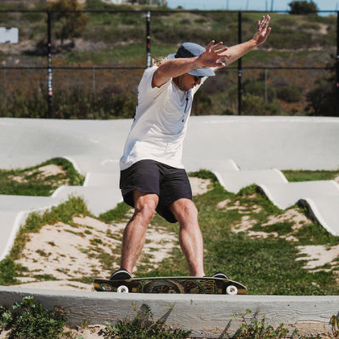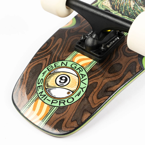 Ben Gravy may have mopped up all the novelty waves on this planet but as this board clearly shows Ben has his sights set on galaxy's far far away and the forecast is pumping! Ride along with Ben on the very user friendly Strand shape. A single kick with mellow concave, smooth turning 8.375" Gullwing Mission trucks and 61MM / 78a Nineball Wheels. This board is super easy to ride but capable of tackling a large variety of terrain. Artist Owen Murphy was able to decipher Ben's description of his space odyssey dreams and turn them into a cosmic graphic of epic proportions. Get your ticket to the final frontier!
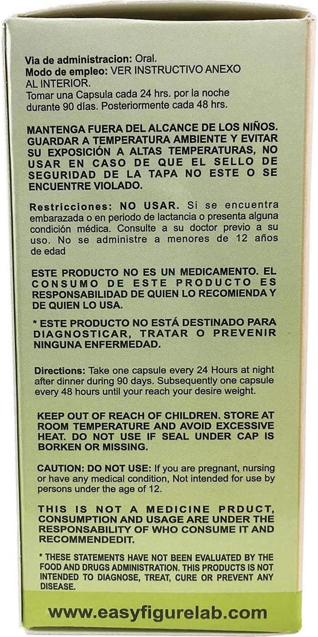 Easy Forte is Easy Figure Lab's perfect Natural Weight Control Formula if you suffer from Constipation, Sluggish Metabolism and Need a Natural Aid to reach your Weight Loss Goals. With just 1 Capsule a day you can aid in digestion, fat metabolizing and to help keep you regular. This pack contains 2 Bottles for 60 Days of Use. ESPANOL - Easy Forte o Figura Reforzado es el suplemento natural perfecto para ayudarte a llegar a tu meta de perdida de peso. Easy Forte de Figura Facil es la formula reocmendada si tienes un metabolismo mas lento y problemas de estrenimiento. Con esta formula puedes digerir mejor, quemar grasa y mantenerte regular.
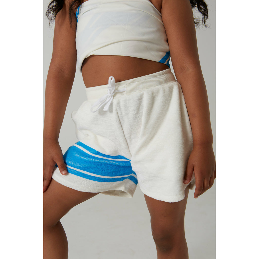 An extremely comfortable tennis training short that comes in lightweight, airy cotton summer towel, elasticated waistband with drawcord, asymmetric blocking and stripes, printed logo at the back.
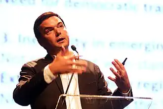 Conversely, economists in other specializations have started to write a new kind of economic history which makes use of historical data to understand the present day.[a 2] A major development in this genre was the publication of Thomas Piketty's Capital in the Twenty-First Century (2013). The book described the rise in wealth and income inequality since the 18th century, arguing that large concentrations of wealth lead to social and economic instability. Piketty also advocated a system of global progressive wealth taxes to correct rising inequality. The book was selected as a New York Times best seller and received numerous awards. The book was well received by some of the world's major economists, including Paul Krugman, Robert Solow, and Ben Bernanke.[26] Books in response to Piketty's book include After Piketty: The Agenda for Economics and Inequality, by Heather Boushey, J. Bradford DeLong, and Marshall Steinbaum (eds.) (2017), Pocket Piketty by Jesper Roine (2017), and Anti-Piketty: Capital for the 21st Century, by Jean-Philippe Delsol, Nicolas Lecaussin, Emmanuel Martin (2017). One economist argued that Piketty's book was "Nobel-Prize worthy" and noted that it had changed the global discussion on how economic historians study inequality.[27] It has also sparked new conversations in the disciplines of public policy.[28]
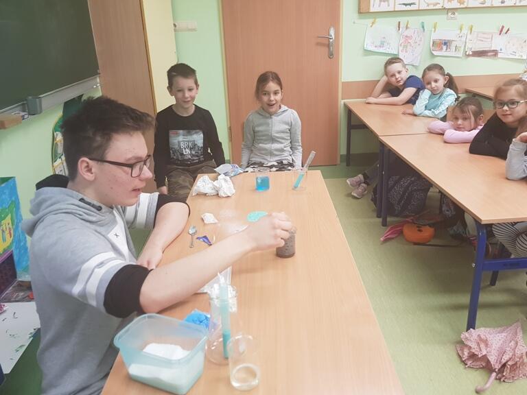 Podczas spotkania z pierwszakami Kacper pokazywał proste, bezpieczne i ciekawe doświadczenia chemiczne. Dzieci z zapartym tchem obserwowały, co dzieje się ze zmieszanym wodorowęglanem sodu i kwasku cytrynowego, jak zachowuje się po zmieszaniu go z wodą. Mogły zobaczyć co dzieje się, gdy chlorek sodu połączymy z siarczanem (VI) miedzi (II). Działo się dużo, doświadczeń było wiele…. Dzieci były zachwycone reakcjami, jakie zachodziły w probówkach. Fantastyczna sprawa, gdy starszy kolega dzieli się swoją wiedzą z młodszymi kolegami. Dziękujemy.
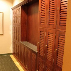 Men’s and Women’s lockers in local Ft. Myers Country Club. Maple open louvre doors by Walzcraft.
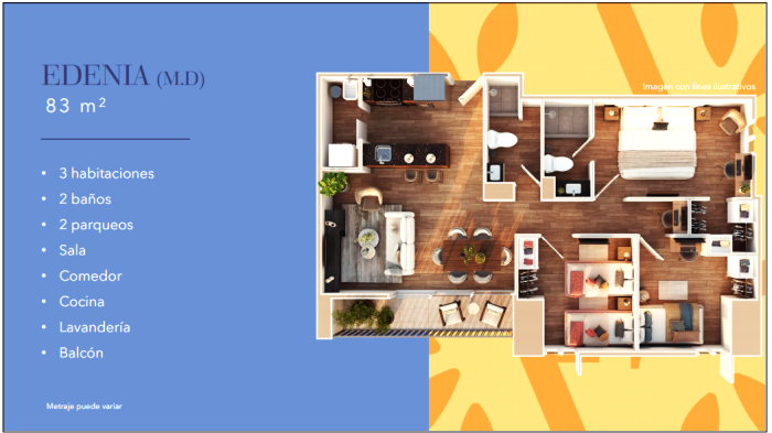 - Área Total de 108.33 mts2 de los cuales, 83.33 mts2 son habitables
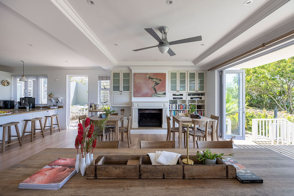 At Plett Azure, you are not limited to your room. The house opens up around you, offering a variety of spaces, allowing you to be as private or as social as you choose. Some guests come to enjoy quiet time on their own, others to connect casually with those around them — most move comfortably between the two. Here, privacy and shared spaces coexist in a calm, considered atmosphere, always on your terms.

* * *

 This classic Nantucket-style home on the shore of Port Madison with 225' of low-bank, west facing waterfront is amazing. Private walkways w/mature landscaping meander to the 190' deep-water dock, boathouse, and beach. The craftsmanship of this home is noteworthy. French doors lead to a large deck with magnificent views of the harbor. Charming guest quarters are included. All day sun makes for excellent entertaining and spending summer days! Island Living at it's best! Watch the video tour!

* * *

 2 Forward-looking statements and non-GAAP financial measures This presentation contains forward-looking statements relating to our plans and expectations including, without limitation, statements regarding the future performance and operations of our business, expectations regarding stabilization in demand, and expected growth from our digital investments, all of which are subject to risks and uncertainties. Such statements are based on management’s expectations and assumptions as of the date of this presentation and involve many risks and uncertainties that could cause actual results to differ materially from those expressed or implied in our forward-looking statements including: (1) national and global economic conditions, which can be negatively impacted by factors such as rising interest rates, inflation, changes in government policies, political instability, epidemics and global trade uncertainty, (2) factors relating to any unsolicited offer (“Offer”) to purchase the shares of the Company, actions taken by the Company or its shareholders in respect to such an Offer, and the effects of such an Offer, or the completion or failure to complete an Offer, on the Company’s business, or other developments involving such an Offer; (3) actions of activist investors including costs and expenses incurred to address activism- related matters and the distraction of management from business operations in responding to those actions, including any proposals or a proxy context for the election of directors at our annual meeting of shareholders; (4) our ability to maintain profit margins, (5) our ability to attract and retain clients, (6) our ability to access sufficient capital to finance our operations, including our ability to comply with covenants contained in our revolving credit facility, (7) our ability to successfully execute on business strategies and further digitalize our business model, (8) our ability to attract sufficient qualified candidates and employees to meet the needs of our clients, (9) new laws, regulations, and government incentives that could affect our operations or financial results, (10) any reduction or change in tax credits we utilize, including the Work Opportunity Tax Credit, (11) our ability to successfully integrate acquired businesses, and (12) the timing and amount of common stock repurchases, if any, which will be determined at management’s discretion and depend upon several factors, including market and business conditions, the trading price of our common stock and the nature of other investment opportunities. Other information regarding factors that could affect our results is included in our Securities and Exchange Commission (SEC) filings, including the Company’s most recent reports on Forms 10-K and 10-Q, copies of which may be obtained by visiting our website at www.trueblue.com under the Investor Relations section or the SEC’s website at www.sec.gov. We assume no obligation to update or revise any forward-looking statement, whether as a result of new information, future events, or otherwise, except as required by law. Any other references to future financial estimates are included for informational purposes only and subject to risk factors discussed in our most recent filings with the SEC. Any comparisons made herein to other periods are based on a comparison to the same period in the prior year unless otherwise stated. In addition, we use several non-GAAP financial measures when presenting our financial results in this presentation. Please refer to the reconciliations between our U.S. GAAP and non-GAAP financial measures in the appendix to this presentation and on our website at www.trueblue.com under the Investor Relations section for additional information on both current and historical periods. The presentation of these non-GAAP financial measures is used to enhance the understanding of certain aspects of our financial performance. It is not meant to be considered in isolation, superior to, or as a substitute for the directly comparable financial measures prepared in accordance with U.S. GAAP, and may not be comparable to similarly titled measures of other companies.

* * *

Look through the listing above for the line with "Men’s and Women’s" and the line with "At Plett Azure, you". Write out exactly those lines and everything between, leaving out pictures.

 Men’s and Women’s lockers in local Ft. Myers Country Club. Maple open louvre doors by Walzcraft.
 - Área Total de 108.33 mts2 de los cuales, 83.33 mts2 son habitables
 At Plett Azure, you are not limited to your room. The house opens up around you, offering a variety of spaces, allowing you to be as private or as social as you choose. Some guests come to enjoy quiet time on their own, others to connect casually with those around them — most move comfortably between the two. Here, privacy and shared spaces coexist in a calm, considered atmosphere, always on your terms.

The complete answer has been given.